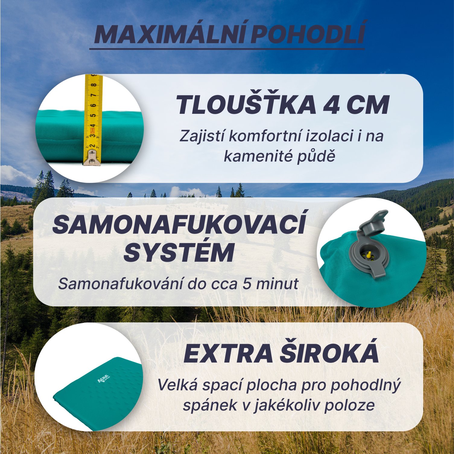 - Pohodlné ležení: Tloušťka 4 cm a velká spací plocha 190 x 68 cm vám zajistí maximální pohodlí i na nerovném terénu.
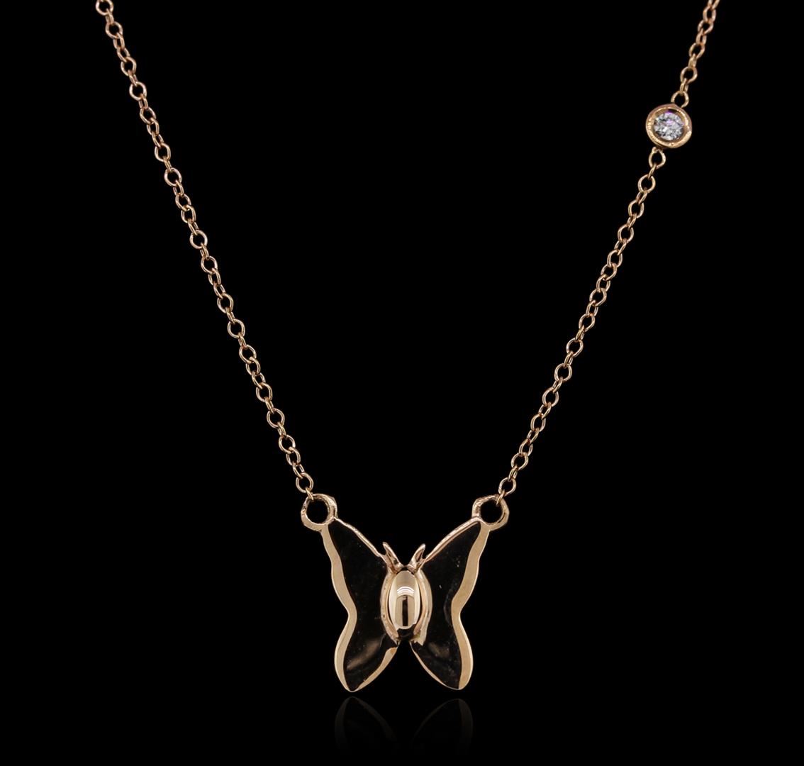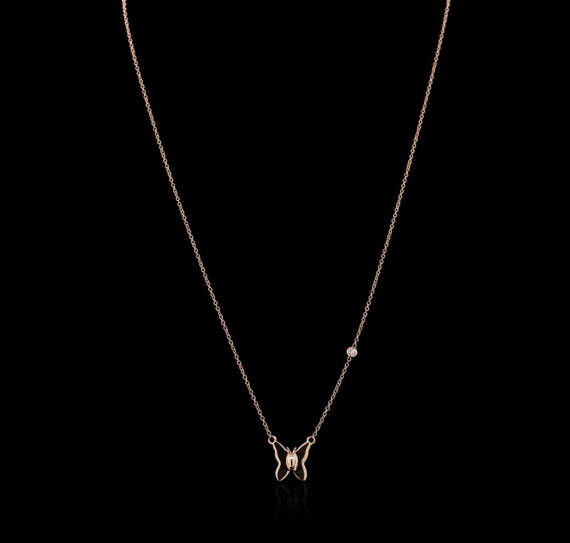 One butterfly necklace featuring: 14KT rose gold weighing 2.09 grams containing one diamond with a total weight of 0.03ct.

______

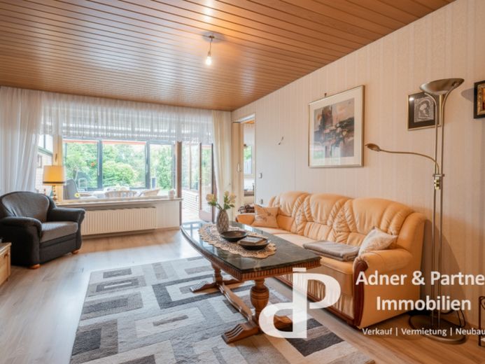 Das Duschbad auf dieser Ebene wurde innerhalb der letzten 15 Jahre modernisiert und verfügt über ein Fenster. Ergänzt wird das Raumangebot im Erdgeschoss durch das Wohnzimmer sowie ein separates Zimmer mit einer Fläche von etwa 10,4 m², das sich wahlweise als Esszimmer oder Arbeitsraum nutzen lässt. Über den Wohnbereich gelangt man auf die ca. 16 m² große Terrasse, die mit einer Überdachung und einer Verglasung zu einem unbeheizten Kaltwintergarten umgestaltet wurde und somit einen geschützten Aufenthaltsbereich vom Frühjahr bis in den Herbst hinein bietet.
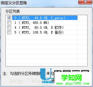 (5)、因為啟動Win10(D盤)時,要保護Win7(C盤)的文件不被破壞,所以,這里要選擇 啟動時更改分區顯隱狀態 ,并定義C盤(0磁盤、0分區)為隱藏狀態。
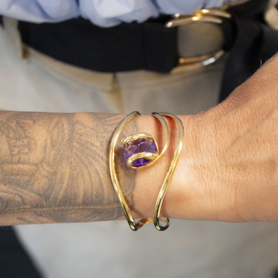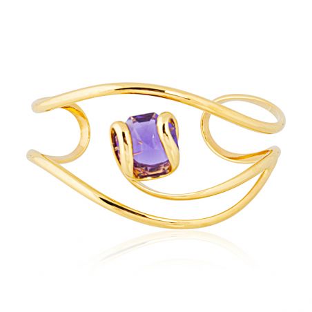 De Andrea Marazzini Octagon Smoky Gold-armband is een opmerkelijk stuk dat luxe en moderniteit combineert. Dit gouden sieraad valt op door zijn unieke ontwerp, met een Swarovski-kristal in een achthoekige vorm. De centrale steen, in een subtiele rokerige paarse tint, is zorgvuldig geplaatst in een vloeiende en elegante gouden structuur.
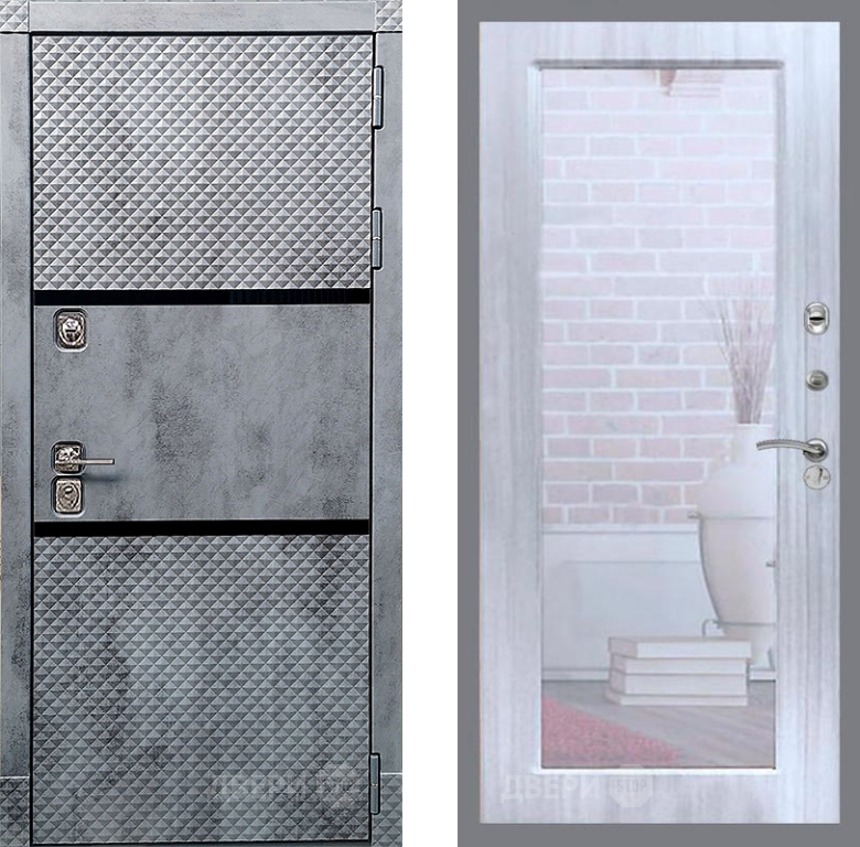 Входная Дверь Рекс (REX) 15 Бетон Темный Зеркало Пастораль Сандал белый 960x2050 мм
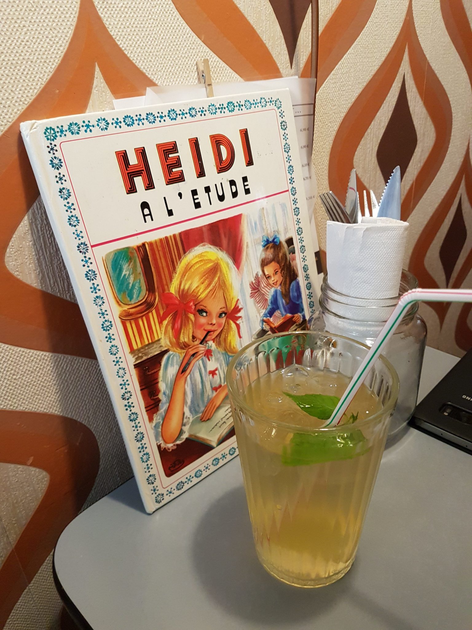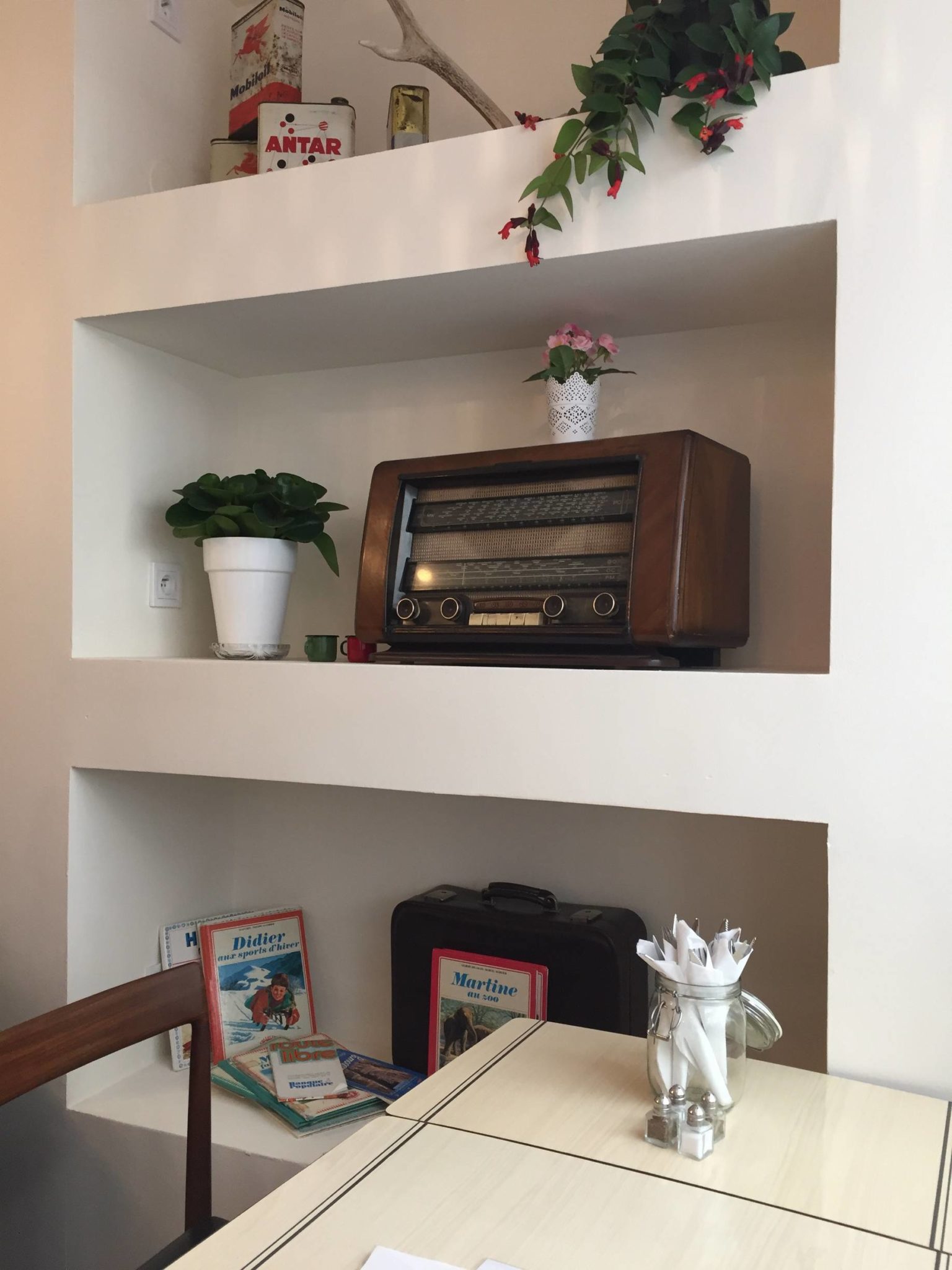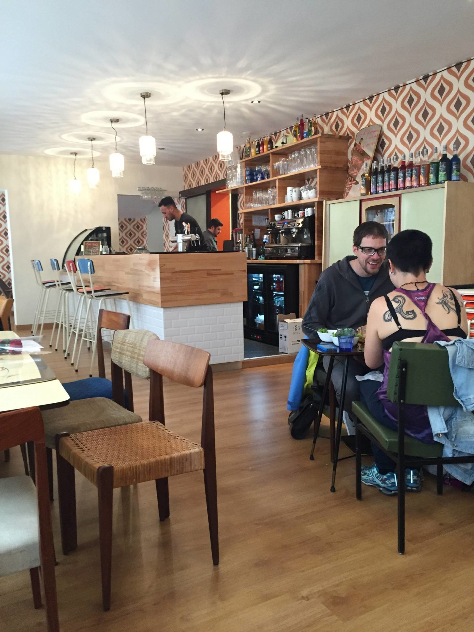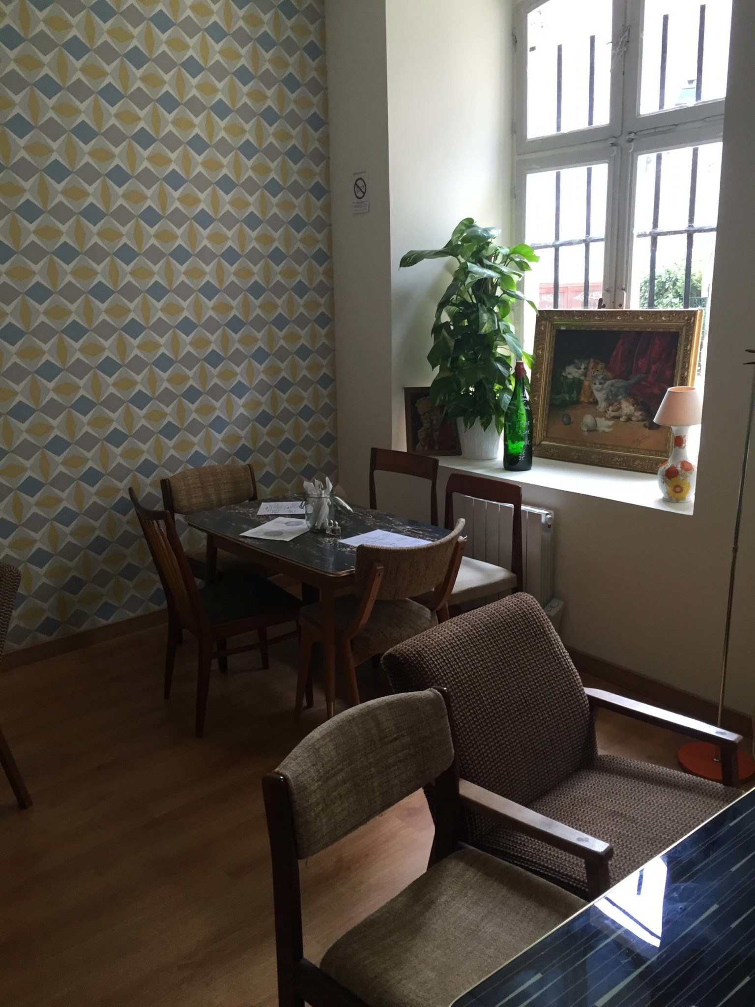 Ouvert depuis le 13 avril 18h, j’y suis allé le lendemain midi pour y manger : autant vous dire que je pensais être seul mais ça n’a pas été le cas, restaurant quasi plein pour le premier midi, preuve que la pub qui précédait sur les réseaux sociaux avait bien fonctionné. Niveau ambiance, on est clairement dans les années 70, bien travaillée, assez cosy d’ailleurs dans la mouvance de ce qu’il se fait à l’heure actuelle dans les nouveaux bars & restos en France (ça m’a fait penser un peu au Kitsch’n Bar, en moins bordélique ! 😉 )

______

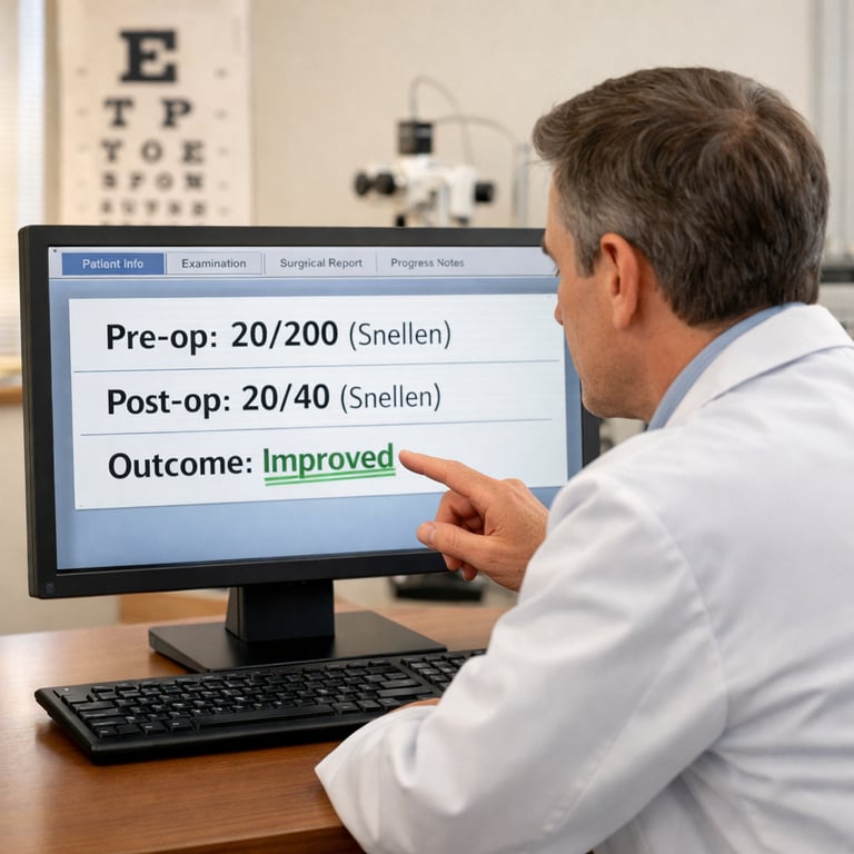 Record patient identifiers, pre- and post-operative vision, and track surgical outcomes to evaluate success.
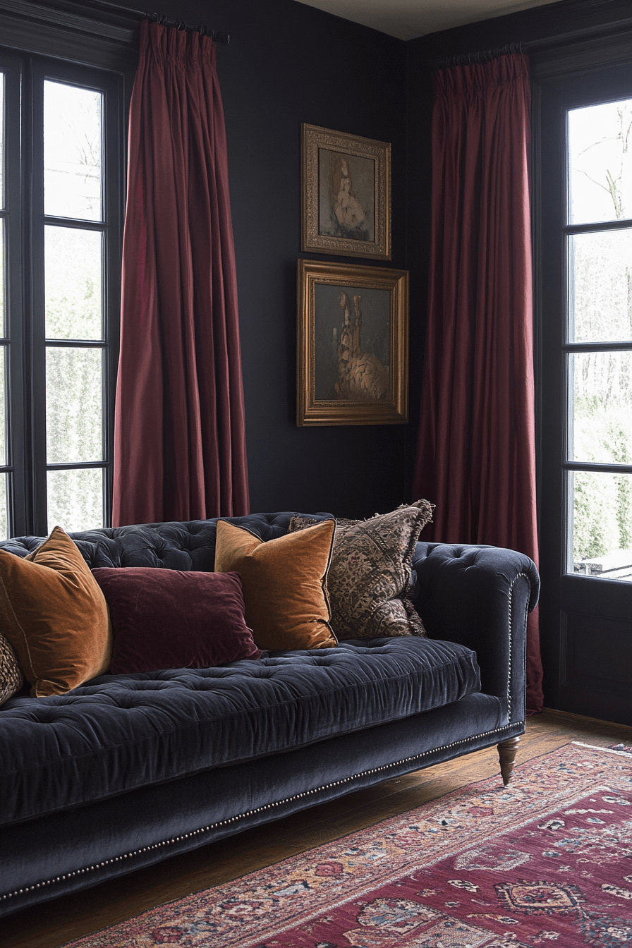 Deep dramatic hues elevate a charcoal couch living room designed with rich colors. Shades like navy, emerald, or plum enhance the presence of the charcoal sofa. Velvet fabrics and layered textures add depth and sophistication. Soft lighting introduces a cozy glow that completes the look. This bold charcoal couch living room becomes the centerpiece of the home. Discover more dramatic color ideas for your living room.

______

Instructions for the task ▸ Would you output the lines above from the line holding "- Pohodlné ležení: Tloušťka" up to and including the line holding "One butterfly necklace", exactly and only those, with no pictures?

Exercise output ▸
 - Pohodlné ležení: Tloušťka 4 cm a velká spací plocha 190 x 68 cm vám zajistí maximální pohodlí i na nerovném terénu.
 One butterfly necklace featuring: 14KT rose gold weighing 2.09 grams containing one diamond with a total weight of 0.03ct.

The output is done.